L’idée, c’est en effet de s’intéresser aux paramédicaux qui sont avancés dans leur cursus, comme les kinés ou les infirmières spécialisées, notamment en anesthésie, en psychiatrie, en puériculture… Tous pourraient être réintégrés dans un niveau plus élevé que la deuxième année.
L’idée, ce serait donc de leur supprimer un ou deux ans d’études ?
Oui ! Il n’est pas question de faire médecine en deux ans. Dans une première écriture du texte, on n’avait précisé qu’il s’agissait d’une “formation accélérée”, mais ce mot a été mal compris. Pour moi, cela voulait simplement dire qu’on ne les renvoyait pas en première année. Le terme “accéléré” a donc été modifié en “adapté et accompagné”. On adapte l'intégration en médecine en fonction du niveau de l’infirmière spécialisée, par exemple.

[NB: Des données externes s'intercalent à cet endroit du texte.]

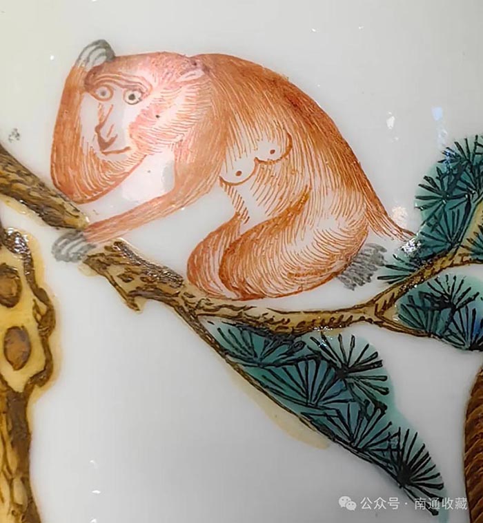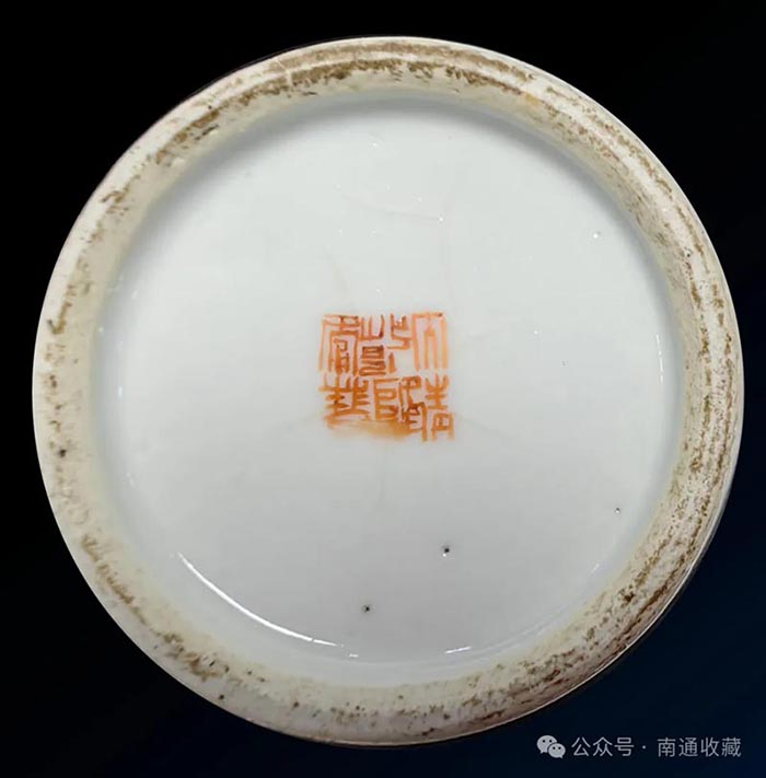 迷底就在于圈足中的三行六字,“大清乾隆年制”礬紅款,此尊為乾隆本朝出品,畫師很有經驗,不想給自己帶來麻煩,在繪畫時把兔子的尾巴加長。因為乾隆屬兔,該避忌的,還是要避忌,畫短了就會陷入“兔子尾巴長不了”之坑,惹上殺身之禍。
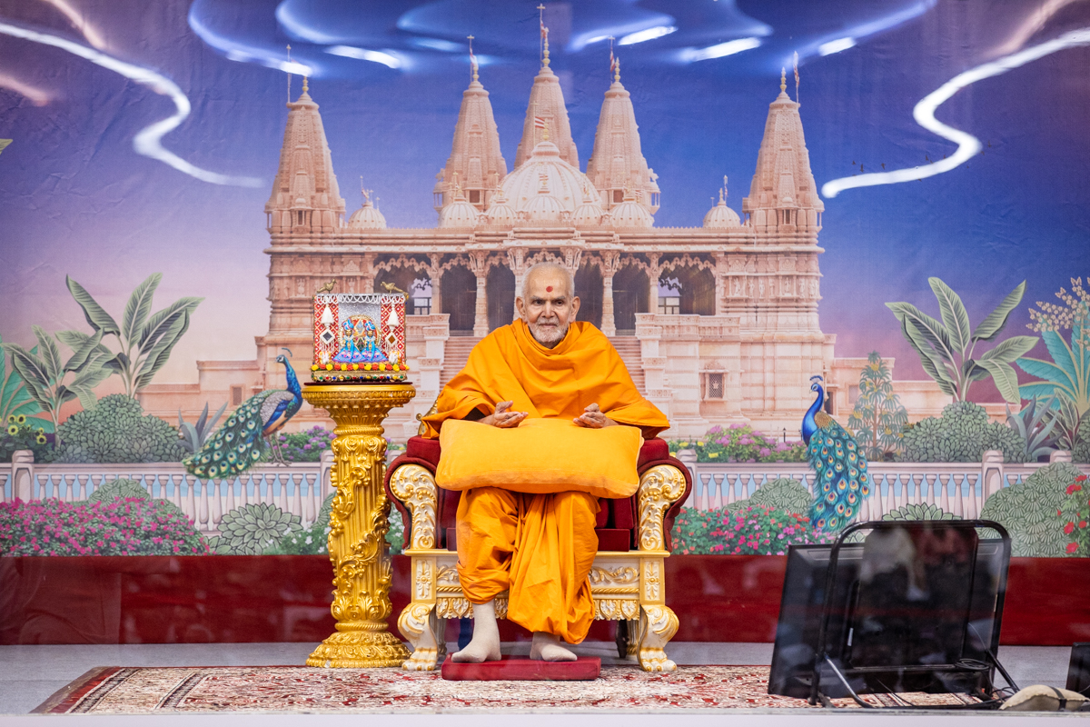 Swamishri engrossed in darshan of Shri Ghanshyam Maharaj in the evening

Vous souhaitez enfin faciliter les stages en libéral…
Oui ! Si on prend plus d’étudiants en deuxième année, on aura nécessairement besoin de plus de terrains de stage. Parfois, les hôpitaux sont surchargés et donc on pourrait s’appuyer sur le libéral pour cela et pour faire découvrir le territoire aux jeunes. Dès le deuxième cycle, on pourrait aussi s’appuyer sur des maisons médicales de territoire, des centres de santé.